3D-ALi organoids contain a high yield of neural cells: (A) UMAPs showing different clusters present in 2D cells at Day 0, in 3D-i organoids, and in 3D-ALi organoids after 6 weeks of differentiation (from left to right); (B) heatmap displaying cell type annotation scores, with each row representing a reference cell subtype and each column representing a cluster from our dataset. Scores are color-coded: positive scores are shown in shades of blue, and negative scores in shades of red.
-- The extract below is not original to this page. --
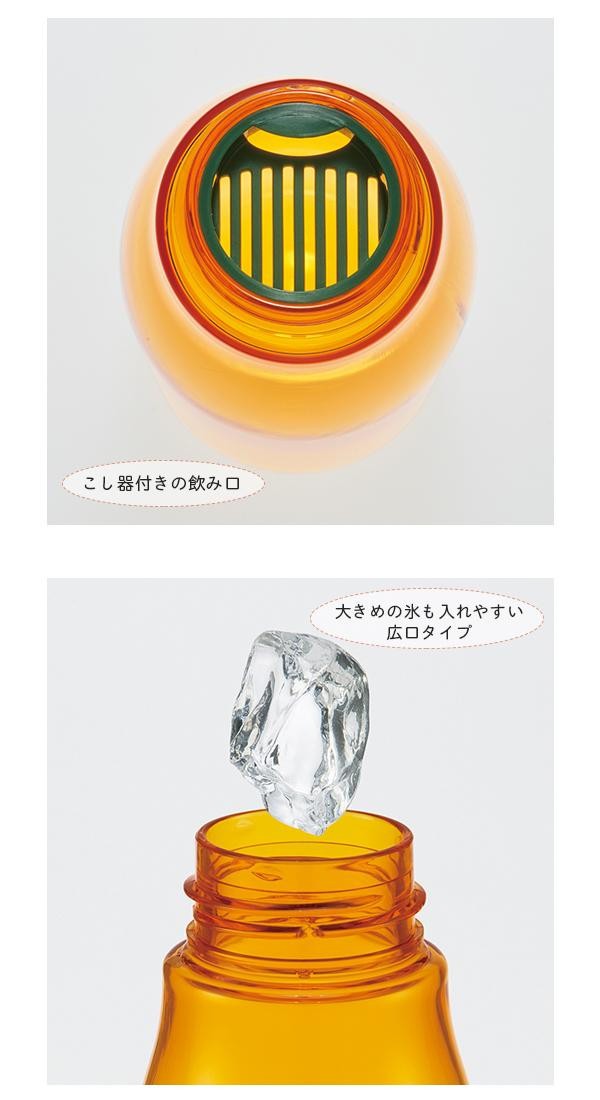 | フタを開けてすぐ飲める直飲みタイプ。ネジ式のフタなので水もれしにくく、持ちやすい形状です。液体だけが飲めるこし器付き飲み口なので、フレーバーウォーターなどにもピッタリ!! |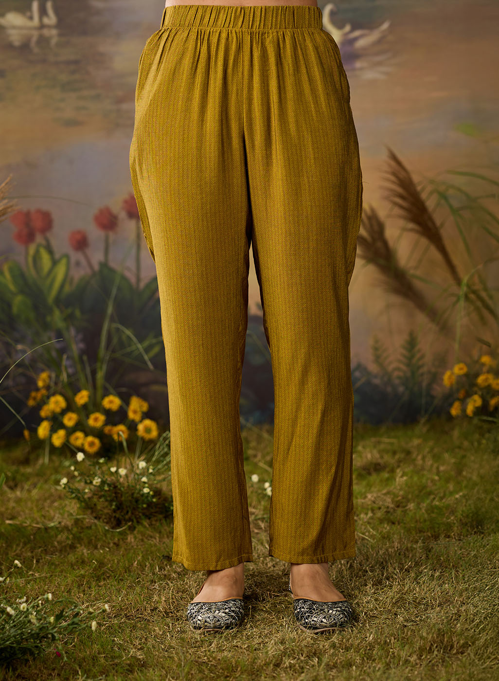 • Printed straight bottoms with mid-rise elastic waist & pockets

Darker colors indicate stronger associations—either positive or negative—between clusters and cell subtypes. (C) Table showing the number of cells per cluster across all conditions, along with their corresponding annotated cell types. (D) Pie-chart showing the proportion of different cell types found in 3D-i organoids; (E) pie-chart showing the proportion of different cell types found in 3D-ALi organoids. (Orange color: neurons, yellow color: neural progenitors, radial glia cells and astrocytes, pink color: HSC and common myeloid multipotent progenitors, green color: fibroblasts, epithelial and muscle like-cells).

Figure 5

3D-ALi organoids showed a high degree of synchronization of their electrical signal: (A) (From left to right): Schematic illustration of the experimental procedure, the theoretical expected extracellular signal, picture of the microelectrode Array chip used in this experiment, microscopy picture of 3D-i organoids under the electrodes (shown with small black arrow on right), microscopy picture of 3D-ALi organoids under the electrodes; (B) raw recording of the electrical signal in immersion organoids (left) and in air–liquid interface organoids after 4 months of differentiation (right); (C) from left to right, graphs showing the time course (50 days) measurement of mean frequency of electrical activity, mean amplitude, number of spikes, and number of bursts in 3D-i organoids and; (D) in 3D-ALi organoid; (E) pictures of the electrical signal over time and recorded on 3 independent electrodes in 3D-i organoids (on left) and 3D-ALi organoids (on right); (F) principal component analysis graph, showing spike sorting in 3D-i (left) and in 3D-ALi organoids (right). (Each point represents a spike. Each color represents a cluster).